(Data records)
================

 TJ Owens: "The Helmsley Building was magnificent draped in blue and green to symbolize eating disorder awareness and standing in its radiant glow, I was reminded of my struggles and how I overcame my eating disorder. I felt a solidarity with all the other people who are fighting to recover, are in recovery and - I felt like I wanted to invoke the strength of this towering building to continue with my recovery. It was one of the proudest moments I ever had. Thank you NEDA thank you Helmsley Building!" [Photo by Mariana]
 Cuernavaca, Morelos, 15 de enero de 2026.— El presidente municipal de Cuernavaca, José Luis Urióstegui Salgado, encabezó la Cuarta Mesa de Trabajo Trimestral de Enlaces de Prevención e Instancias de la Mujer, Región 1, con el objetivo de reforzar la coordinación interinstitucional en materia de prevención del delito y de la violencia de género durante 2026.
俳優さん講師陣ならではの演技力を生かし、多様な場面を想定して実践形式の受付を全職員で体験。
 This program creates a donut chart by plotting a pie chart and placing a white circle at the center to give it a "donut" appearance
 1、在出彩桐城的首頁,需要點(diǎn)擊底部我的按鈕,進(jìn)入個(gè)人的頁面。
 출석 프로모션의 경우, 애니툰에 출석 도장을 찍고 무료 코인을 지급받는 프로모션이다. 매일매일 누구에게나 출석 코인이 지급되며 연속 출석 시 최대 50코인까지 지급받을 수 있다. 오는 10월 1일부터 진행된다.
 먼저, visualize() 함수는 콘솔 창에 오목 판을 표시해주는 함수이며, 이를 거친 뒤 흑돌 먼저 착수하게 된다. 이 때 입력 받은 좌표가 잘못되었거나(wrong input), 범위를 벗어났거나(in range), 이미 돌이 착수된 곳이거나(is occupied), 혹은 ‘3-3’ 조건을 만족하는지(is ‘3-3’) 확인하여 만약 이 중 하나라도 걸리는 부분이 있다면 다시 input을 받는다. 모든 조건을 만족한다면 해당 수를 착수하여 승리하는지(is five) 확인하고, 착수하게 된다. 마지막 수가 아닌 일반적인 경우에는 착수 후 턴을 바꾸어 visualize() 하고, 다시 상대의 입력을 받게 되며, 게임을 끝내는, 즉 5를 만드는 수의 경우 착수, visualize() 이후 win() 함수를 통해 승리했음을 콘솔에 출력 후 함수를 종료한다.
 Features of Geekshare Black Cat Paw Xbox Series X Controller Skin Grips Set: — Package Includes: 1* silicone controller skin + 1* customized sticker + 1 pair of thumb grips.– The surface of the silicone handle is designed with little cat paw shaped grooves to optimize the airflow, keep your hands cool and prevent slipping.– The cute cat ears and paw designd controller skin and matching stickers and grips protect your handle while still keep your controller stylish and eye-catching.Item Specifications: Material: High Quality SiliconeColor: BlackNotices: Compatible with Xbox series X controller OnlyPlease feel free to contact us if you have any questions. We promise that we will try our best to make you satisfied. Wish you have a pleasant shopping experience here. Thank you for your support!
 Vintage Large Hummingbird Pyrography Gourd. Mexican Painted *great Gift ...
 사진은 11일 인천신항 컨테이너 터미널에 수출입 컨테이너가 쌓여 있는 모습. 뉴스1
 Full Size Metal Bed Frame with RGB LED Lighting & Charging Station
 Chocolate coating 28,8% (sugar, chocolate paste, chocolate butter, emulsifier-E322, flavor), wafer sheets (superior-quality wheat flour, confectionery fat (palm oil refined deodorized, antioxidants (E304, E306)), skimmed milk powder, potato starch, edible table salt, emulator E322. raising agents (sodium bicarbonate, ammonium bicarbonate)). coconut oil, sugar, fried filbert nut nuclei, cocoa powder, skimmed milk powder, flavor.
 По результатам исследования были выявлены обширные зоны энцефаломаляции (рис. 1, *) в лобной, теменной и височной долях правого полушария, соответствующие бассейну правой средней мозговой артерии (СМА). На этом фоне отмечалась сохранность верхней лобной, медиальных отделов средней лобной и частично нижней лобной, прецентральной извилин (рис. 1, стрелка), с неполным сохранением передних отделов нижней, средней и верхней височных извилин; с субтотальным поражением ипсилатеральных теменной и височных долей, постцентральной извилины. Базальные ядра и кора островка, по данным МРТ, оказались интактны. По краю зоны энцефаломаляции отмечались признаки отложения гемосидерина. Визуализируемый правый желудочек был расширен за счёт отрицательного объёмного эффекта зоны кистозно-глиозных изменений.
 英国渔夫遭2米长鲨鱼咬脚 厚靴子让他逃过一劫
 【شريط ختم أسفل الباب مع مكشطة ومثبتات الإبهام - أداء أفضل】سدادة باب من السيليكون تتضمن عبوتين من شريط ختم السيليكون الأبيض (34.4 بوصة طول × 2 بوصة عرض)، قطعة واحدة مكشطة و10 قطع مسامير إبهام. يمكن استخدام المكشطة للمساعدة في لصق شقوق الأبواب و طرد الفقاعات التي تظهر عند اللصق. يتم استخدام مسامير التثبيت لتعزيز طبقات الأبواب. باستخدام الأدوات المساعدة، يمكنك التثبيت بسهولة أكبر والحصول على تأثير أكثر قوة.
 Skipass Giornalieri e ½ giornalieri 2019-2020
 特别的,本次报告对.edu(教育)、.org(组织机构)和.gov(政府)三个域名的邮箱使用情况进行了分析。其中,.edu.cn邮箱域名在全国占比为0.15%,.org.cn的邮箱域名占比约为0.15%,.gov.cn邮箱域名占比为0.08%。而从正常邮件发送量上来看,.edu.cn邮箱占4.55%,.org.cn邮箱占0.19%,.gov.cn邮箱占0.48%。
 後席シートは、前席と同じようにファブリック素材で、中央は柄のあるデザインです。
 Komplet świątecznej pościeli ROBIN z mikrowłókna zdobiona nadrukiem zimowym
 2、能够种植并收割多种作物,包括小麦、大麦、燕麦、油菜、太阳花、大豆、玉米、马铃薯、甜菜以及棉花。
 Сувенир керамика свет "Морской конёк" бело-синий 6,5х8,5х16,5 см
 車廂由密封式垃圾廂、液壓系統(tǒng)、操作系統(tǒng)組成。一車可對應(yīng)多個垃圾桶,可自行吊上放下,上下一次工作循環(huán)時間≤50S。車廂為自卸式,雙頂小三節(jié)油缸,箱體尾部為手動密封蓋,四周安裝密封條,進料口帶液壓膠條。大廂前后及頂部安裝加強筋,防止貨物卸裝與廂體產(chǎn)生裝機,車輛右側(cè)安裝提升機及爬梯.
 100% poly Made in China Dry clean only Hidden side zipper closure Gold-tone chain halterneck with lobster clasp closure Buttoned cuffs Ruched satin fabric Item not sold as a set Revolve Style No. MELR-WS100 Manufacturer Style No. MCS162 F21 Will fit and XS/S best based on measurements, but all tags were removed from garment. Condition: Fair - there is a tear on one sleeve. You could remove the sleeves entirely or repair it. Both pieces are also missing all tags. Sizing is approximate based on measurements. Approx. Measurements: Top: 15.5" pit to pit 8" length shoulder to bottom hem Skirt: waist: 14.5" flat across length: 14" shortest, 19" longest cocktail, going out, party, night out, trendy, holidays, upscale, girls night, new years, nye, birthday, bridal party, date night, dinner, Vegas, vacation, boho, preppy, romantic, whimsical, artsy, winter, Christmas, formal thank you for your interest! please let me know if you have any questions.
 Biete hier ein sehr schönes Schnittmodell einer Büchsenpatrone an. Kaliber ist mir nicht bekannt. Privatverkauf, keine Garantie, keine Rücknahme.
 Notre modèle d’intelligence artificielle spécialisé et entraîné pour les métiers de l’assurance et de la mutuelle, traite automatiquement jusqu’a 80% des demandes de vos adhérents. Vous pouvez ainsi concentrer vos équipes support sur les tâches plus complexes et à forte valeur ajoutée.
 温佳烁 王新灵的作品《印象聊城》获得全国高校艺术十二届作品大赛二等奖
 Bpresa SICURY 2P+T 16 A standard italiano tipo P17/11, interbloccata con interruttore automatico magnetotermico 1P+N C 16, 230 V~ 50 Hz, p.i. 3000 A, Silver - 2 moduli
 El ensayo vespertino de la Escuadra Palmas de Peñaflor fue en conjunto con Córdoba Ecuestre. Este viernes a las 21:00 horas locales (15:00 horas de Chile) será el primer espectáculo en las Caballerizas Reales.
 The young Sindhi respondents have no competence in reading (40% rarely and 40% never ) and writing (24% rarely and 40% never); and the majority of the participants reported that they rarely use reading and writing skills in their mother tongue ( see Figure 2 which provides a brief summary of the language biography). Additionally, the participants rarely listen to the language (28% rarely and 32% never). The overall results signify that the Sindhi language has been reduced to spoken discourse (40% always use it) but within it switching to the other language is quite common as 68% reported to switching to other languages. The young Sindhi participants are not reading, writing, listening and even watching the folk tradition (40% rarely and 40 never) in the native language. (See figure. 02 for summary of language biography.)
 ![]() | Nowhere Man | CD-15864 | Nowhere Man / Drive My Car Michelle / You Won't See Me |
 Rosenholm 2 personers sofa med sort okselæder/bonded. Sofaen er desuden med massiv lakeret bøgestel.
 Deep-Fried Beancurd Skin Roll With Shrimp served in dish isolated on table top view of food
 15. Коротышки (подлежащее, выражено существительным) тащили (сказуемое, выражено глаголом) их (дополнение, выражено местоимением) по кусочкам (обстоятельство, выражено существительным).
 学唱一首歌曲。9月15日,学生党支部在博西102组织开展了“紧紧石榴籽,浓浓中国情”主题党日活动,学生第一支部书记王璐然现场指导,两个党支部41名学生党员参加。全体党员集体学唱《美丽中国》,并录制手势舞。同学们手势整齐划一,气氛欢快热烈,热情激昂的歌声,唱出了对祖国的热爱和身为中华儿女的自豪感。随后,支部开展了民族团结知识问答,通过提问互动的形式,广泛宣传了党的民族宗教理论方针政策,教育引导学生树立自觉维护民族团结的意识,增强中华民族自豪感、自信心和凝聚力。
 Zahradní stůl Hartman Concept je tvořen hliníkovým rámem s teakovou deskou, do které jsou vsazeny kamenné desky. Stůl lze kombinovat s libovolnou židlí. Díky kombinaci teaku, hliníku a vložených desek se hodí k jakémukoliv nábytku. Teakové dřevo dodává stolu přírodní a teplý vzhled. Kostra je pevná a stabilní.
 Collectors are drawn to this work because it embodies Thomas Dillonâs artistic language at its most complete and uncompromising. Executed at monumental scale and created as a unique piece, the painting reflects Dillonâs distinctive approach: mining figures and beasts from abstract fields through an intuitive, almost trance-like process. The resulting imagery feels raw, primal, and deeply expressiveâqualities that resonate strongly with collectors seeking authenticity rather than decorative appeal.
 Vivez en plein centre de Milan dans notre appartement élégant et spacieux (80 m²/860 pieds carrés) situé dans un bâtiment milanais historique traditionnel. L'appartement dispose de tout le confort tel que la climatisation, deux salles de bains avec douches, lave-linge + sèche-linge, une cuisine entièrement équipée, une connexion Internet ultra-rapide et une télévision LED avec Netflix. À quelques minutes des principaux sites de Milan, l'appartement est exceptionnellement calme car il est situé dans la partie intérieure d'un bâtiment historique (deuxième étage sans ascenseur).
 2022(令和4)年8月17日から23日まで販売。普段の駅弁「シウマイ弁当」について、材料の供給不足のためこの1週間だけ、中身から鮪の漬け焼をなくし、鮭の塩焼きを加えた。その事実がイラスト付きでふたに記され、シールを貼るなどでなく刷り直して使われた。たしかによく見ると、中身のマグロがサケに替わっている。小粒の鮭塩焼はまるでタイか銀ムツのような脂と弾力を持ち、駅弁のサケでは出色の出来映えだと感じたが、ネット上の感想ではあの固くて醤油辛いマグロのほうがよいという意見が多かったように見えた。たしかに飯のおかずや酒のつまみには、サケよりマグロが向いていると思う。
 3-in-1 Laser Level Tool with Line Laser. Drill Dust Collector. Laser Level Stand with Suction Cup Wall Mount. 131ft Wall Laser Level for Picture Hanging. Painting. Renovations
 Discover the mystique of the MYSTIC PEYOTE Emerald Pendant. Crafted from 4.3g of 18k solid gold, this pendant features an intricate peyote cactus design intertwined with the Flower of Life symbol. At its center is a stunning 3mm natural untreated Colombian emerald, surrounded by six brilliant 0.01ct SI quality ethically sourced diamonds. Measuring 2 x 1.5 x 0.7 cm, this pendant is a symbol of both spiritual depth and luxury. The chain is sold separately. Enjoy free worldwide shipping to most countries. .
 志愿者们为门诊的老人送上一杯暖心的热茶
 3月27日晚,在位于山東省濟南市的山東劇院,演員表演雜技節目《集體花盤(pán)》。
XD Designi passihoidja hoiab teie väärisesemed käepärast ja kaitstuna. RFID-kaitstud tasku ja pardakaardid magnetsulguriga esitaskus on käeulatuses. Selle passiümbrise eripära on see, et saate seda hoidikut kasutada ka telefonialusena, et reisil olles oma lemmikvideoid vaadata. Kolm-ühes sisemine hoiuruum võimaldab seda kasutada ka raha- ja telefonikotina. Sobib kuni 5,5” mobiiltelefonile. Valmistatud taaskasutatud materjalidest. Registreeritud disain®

================

__What the task asks__. Set the lines down exactly, from the first line of the records to the line where "1、在出彩桐城的首頁,需要點" appears, with both ends kept.

__Answer for this exercise__.
 TJ Owens: "The Helmsley Building was magnificent draped in blue and green to symbolize eating disorder awareness and standing in its radiant glow, I was reminded of my struggles and how I overcame my eating disorder. I felt a solidarity with all the other people who are fighting to recover, are in recovery and - I felt like I wanted to invoke the strength of this towering building to continue with my recovery. It was one of the proudest moments I ever had. Thank you NEDA thank you Helmsley Building!" [Photo by Mariana]
 Cuernavaca, Morelos, 15 de enero de 2026.— El presidente municipal de Cuernavaca, José Luis Urióstegui Salgado, encabezó la Cuarta Mesa de Trabajo Trimestral de Enlaces de Prevención e Instancias de la Mujer, Región 1, con el objetivo de reforzar la coordinación interinstitucional en materia de prevención del delito y de la violencia de género durante 2026.
俳優さん講師陣ならではの演技力を生かし、多様な場面を想定して実践形式の受付を全職員で体験。
 This program creates a donut chart by plotting a pie chart and placing a white circle at the center to give it a "donut" appearance
 1、在出彩桐城的首頁,需要點(diǎn)擊底部我的按鈕,進(jìn)入個(gè)人的頁面。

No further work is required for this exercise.